Le début d'un combat

Gerrit et Franz  à leur domicile

Gerrit (Gérard) KUIPERS-STELLO et Frans STELLO-KUIPERS le 16 septembre 1990, à leur domicile, aux Pays-Bas. © MuCEM Tous droits réservés. 2001

Dès 1984, ils ont commencé à militer pour l’égalité des droits des homosexuels afin que ces derniers obtiennent les mêmes droits que ceux accordés aux couples hétérosexuels, sur un plan fiscal, de succession, assurance maladie…

Fin 1987-1988, ils se sont adressés au Journal homosexuel De Gay Krant afin de solliciter son soutien. Le Journal s’est porté « partie civil » dans leurs démarches et leur a proposé l’aide d’avocats.

De 1988 à 1990, ils ont écrit tous les soirs à la main à plus de 650 maires afin de leur demander s’ils acceptaient de les marier.

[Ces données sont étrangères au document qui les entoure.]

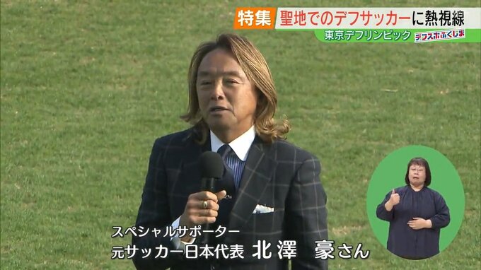 耳が聞こえない、聞こえにくい人たちのスポーツの祭典「東京2025デフリンピック」。14日、開幕日より一日早く始まったのは、Jヴィレッジが会場となっているサッカー競技。試合前のオープニングセレモニーには内堀知事も出席し、スペシャルサポーターを務める元サッカー日本代表の北澤豪さんが、選手たちにエールを贈りました。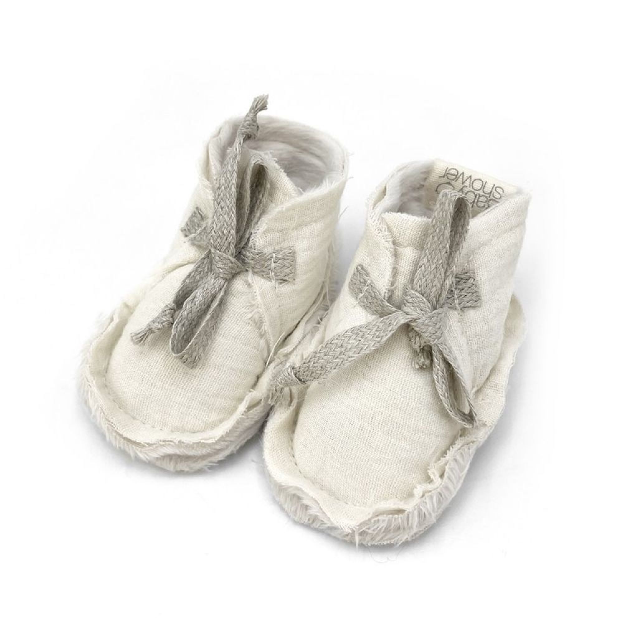 Choisissez ces jolis chaussons bébé polaires de la marque BabyShower. Ils ont été spécialement conçus pour être utilisables de 1 à 3 mois environ. Ces chaussons polaire maintiendront les petits pieds de votre bébé bien au chaud. Vous allez adorer le petit noeud en lin noué sur le dessus de ces chaussons BabyShower.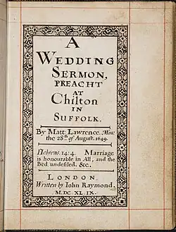 The William Andrews Clark Memorial Library, part of the University of California, Los Angeles has a unique manuscript of a sermon preached by Matthew Lawrence.[2] The sermon was delivered at the marriage ceremony of Anne Crane, the daughter of Sir Robert Crane, 1st Baronet to Sir William Armine, 2nd Baronet on 28 August 1649 in St Mary's Church Chilton, Suffolk. The handwritten book, which mimics the style of a printed book, was produced by John Raymond and was sponsored by Lawrence as a gift for the groom's father, Sir William Armine, 1st Baronet, who had requested a copy. He had been a patron of Matthew Lawrence for many years. The book was previously owned by the antiquarian, John Eglington Bailey and the designer, Richard Harding Watt.[4]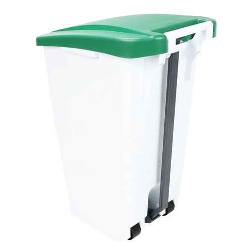 Poubelle mobile maniable grâce à ces 2 roues lisse et sa poignée de transport. Tri sélectif grâce aux couvercles de couleurs. Facile à nettoyer et large pédale. Fabriqué en UE HACCP Garantie client : 10 ans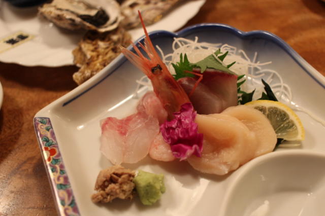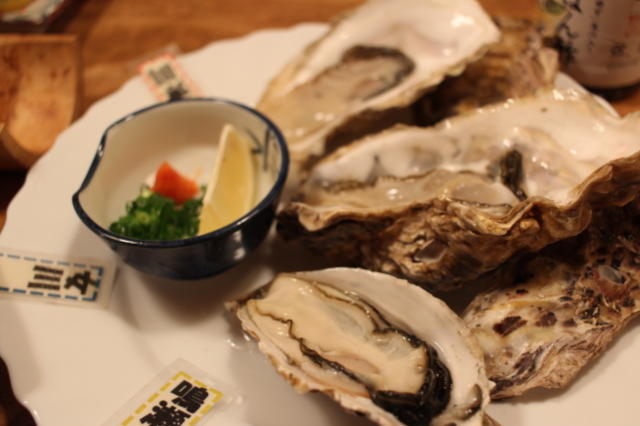 生かき食べ比べ3P 鳴瀬・女川・志津川 私は「鳴瀬産」を、夫は「女川・志津川産」を! 夫曰く「女川産が絶品とのこと(^^)v |
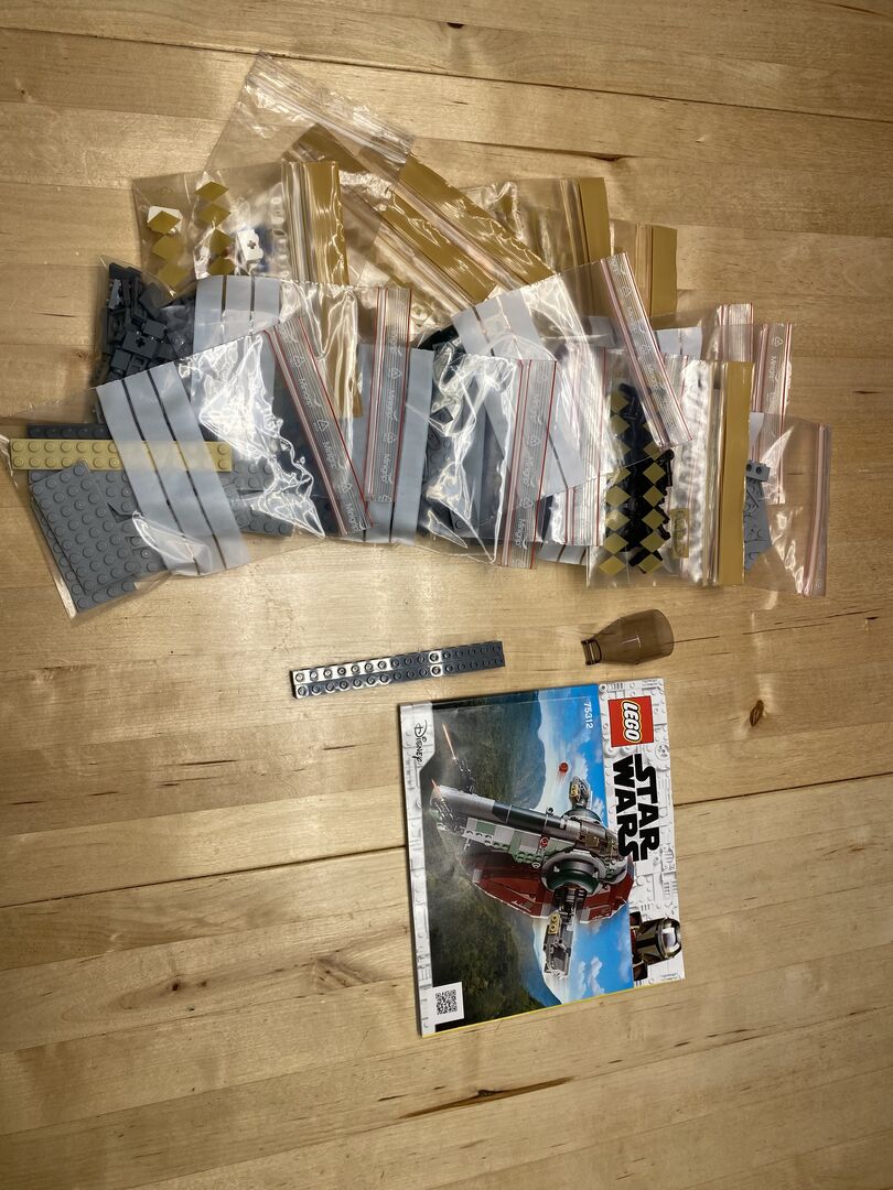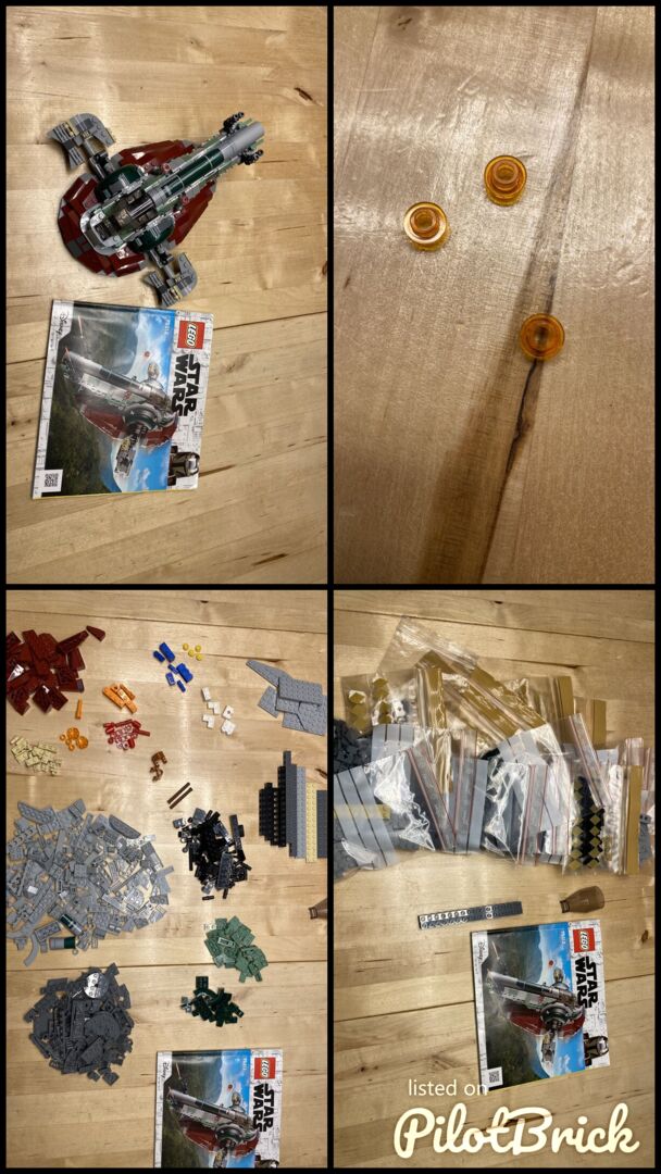 LEGO Star Wars 75312 - Boba Fett's Starship™ - Without minifigures Three parts are missing See picture the three small orange pieces. No guarantee

Les maires ont répondu qu’ils accepteraient si la loi les y autorisait et qu’ils étaient favorables à ce que cette question soit débattue à la Chambre des Communes (Assemblée nationale). Un seul leur a adressé une réponse totalement négative.

Ils ont entamés les procédures juridiques, notamment en revendiquant le fait que la loi (Code Napoléon, identique à celui de la France) qui dit : « un homme peut se marier avec une femme » n’excluait pas les couples de même sexe et que l’interprétation qui en était faite pour exclure les couples de même sexe était erronée. S’appuyant sur les travaux d’historiens et avec leurs avocats, ils ont tenté de démontrer que cette loi avait été promulguée pour lutter contre la bigamieLa bigamie fut prohibée dans les communautés ashkénazes suivant l’amendement du sage Gershom Meor ha-Golah en l’an 1000..

Les tribunaux ont fini par dire qu’il ne leur appartenait pas de trancher et que cette responsabilité « d’interprétation » de la LOI devait faire l’objet d’un débat à la Chambre des Communes.